Content starts

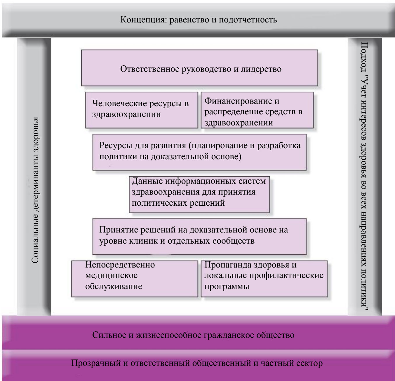
Рисунок 1. Модель укрепления систем здравоохранения CSIH
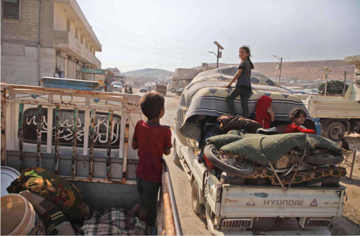
سوريون ضمن عملية تزوج واسعة شهدها جنوب إدلب أمس بسبب قصف النظام

من جهة أخرى جددت تركيا الاثنين دعوتها الولايات المتحدة كي تكف عن دعم الفصائل الكردية في شمال سوريا، في وقت تعمل واشنطن لمنع هجوم تهدد أنقرة بشنّه ضد هذه الفصائل. وصرح وزير الخارجية التركي مولود تشاوش أوغلو خلال مؤتمر صحافي في أنقرة «ننتظر من الولايات المتحدة أن ترد إيجابياً على دعوتنا الكف عن التعاون» مع وحدات حماية الشعب الكردية.
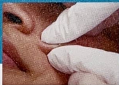
2. 毛穴の奥からクリアに
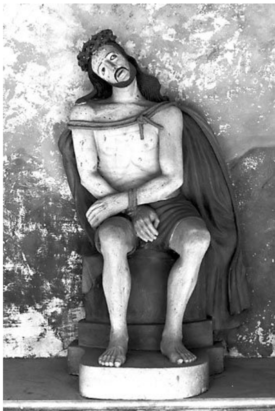
Vue de face. 25, Longeville
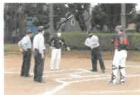
試合前の挨拶は代表のみ
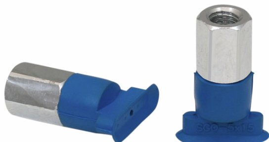
SGON 15x5 HT1-60 M5-IG
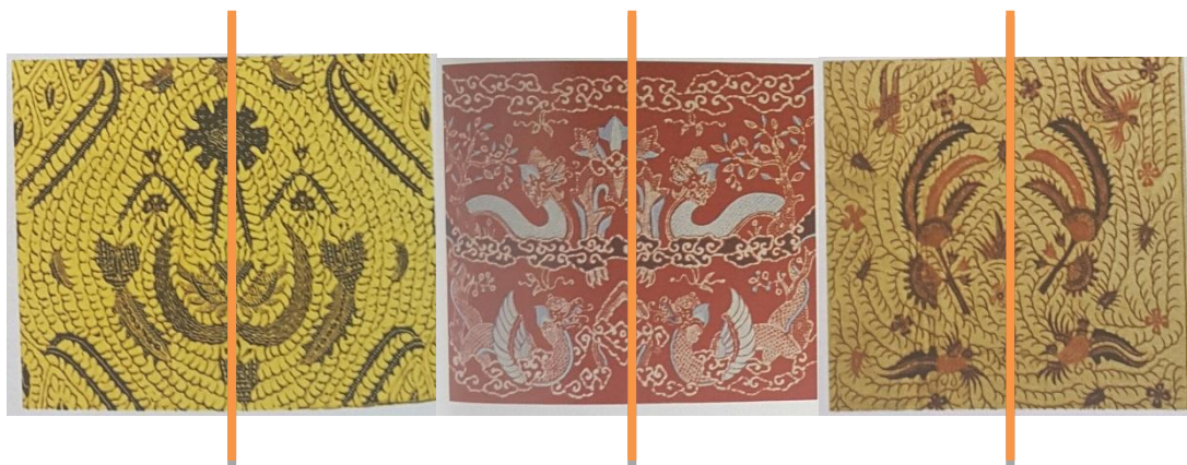
Batik Sawat Riwe
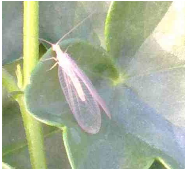
Chrysope sur pélargonium

La présence d'auxiliaires naturels est observée même dans les serres maintenues hors gel en hiver.
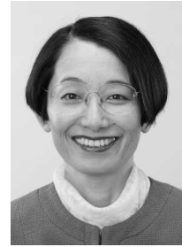
ネットワーク 三芳
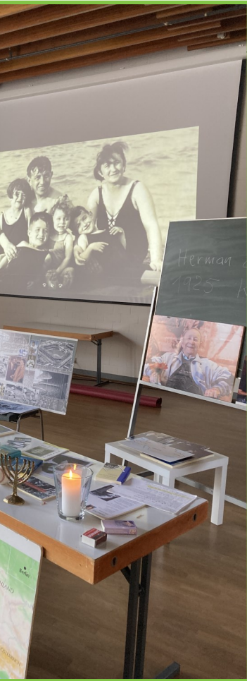
e - eine Geschichte vom m Holocaust

che Elemente nicht fehlten. Eine Zeitreise, die stellvertretend für viele Schicksale steht und den Anwesenden noch lange im Gedächtnis bleiben wird.
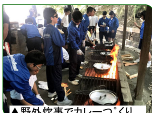
▲野外炊事でカレーづくり

2日間の集団行動を通じて、仲間と協調して共に活動しました。班長や実行委員が中心となって、皆がそれぞれの役割をしっかりと果たし、自主的で自律した集団活動を行うことができました。活動の中では各リーダーがしっかりと声を出して皆をまとめて活躍し成果のあるよい宿泊行事となりました。皆で楽しむことができた一泊移住でした。

Content ends

:: Assignment ::
I would like you to retype exactly the lines running from the one containing "من جهة أخرى" to the last line of the entries, both included, leaving all pictures out.

:: Task solution ::
من جهة أخرى جددت تركيا الاثنين دعوتها الولايات المتحدة كي تكف عن دعم الفصائل الكردية في شمال سوريا، في وقت تعمل واشنطن لمنع هجوم تهدد أنقرة بشنّه ضد هذه الفصائل. وصرح وزير الخارجية التركي مولود تشاوش أوغلو خلال مؤتمر صحافي في أنقرة «ننتظر من الولايات المتحدة أن ترد إيجابياً على دعوتنا الكف عن التعاون» مع وحدات حماية الشعب الكردية.
2. 毛穴の奥からクリアに
Vue de face. 25, Longeville
試合前の挨拶は代表のみ
SGON 15x5 HT1-60 M5-IG
Batik Sawat Riwe
Chrysope sur pélargonium

La présence d'auxiliaires naturels est observée même dans les serres maintenues hors gel en hiver.
ネットワーク 三芳
e - eine Geschichte vom m Holocaust

che Elemente nicht fehlten. Eine Zeitreise, die stellvertretend für viele Schicksale steht und den Anwesenden noch lange im Gedächtnis bleiben wird.
▲野外炊事でカレーづくり

2日間の集団行動を通じて、仲間と協調して共に活動しました。班長や実行委員が中心となって、皆がそれぞれの役割をしっかりと果たし、自主的で自律した集団活動を行うことができました。活動の中では各リーダーがしっかりと声を出して皆をまとめて活躍し成果のあるよい宿泊行事となりました。皆で楽しむことができた一泊移住でした。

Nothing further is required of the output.